Getting some overloading/distortion on the input of this older Octagon build, where should I be looking? Could not find the old schematic. Could this be a resistor problem? Everything works fine just a overload when the strings are hit hard.


----------



## Cybercow (Mar 15, 2021)

Did this suddenly start happening? Does it do it by itself, or is it somewhere in the middle of a pedal-chain? If in the middle, what's before it? Are the pickups on your guitar active?


----------



## Robert (Mar 15, 2021)

This should be the build doc for that version:
https://docs.pedalpcb.com/project/Octagon.pdf


----------



## Dice1012 (Mar 15, 2021)

Cybercow said:


> Did this suddenly start happening? Does it do it by itself, or is it somewhere in the middle of a pedal-chain? If in the middle, what's before it?

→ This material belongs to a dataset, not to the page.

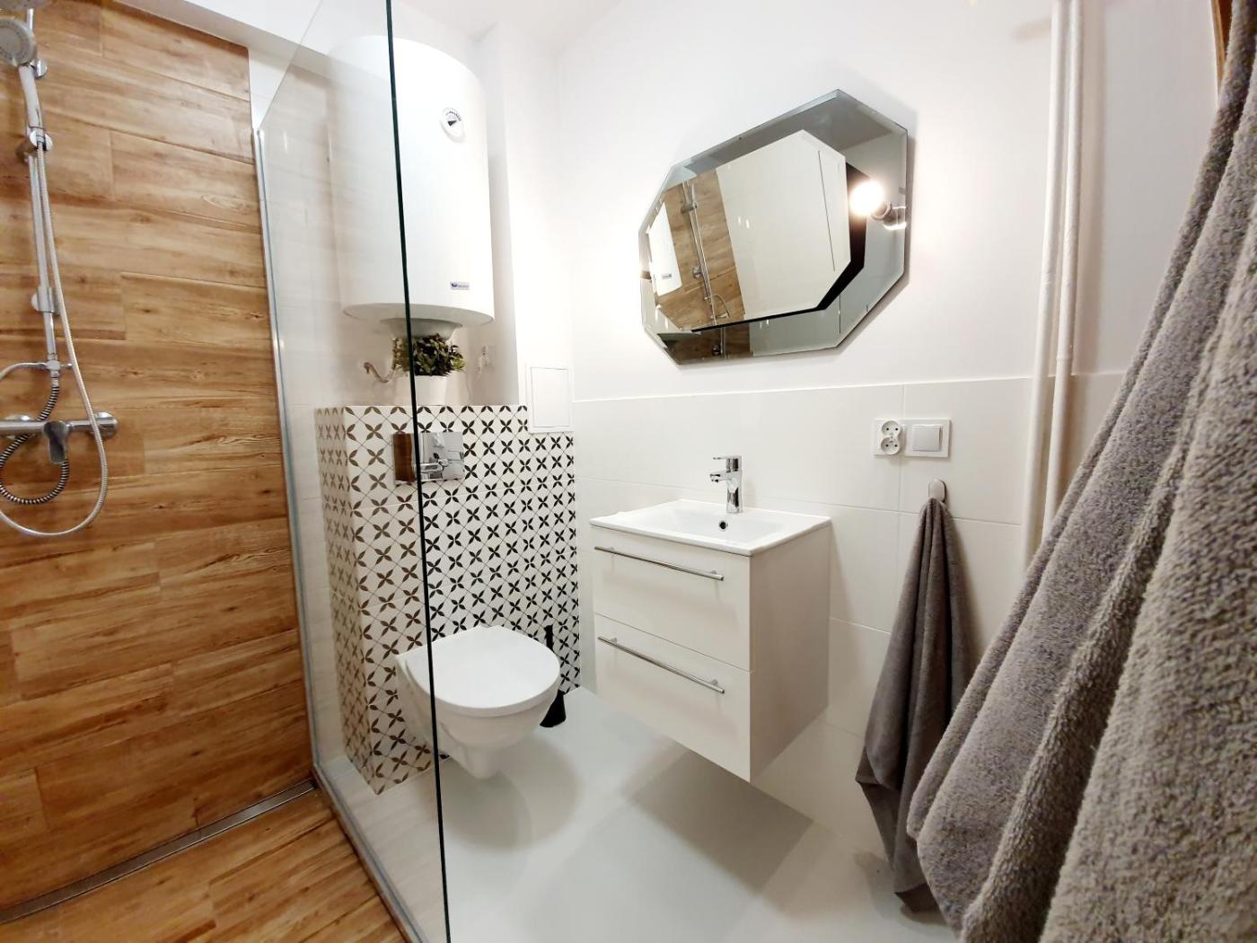 Apartament z 3 sypialniami. This spacious apartment features 1 living room, 3 separate bedrooms and 1 bathroom with a shower. The well-equipped kitchen has a stovetop, a refrigerator, kitchenware and an electric kettle. Boasting a balcony, this apartment also features a washing machine, a dining area and a flat-screen TV. The unit has 4 beds. Apartament - 8 osobowy. Powierzchnia pokoju ok.: 70 mkw.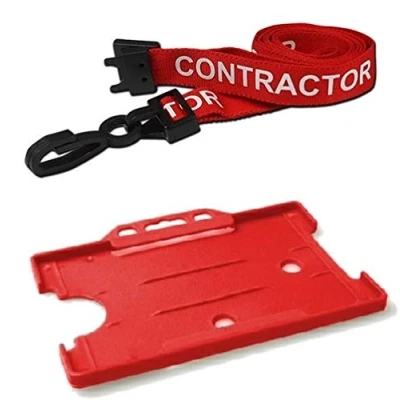 Identity Plus: Red Pre Printed Contractor Lanyard (Plastic J Clip, Safety Breakaway Point) with Landscape Card Holder (25)

Are the pickups on your guitar active?


No, has been this way since I built it. 
Built 2 others at the same time, those are fine, but have 1% resistors. Ran out and used some 5% nothing one. That is the only difference. Would a resistor near the input be the problem?


----------



## Robert (Mar 15, 2021)

I doubt 5% tolerance is causing an issue, but an incorrect value would.


----------



## Dice1012 (Mar 15, 2021)

Cybercow said:


> Did this suddenly start happening? Does it do it by itself, or is it somewhere in the middle of a pedal-chain? If in the middle, what's before it? Are the pickups on your guitar active?


No, has been this way since I built it.
Built 2 others at the same time, those are fine, but have 1% resistors. Ran out and used some 5% nothing one. That is the only difference. Would a resistor near the input be the problem
Passive pickups.
Only pedal.


Dice1012 said:


> No, has been this way since I built it.
> Built 2 others at the same time, those are fine, but have 1% resistors. Ran out and used some 5% nothing one. That is the only difference. Would a resistor near the input be the proble
> 
> 
> ...


----------



## Dice1012 (Mar 15, 2021)

Robert said:


> I doubt 5% tolerance is causing an issue, but an incorrect value would.


Any idea which one?


----------



## Cybercow (Mar 17, 2021)

Seeing as you have two others that work fine, have you tried comparing voltage measurements on IC1? Have you tried swapping out the TL072 (IC1) opamp? If that doesn't solve it, I would go thru the trouble of lifting one leg of each of those 5% resistors, measure them and check them against the BOM values. If the 5% resistors match the BOM are within their rated tolerance, they should be just fine. If the problem still persists, you may want to use an audio probe on the it and compare audio probing between the bad one and one that works right.


----------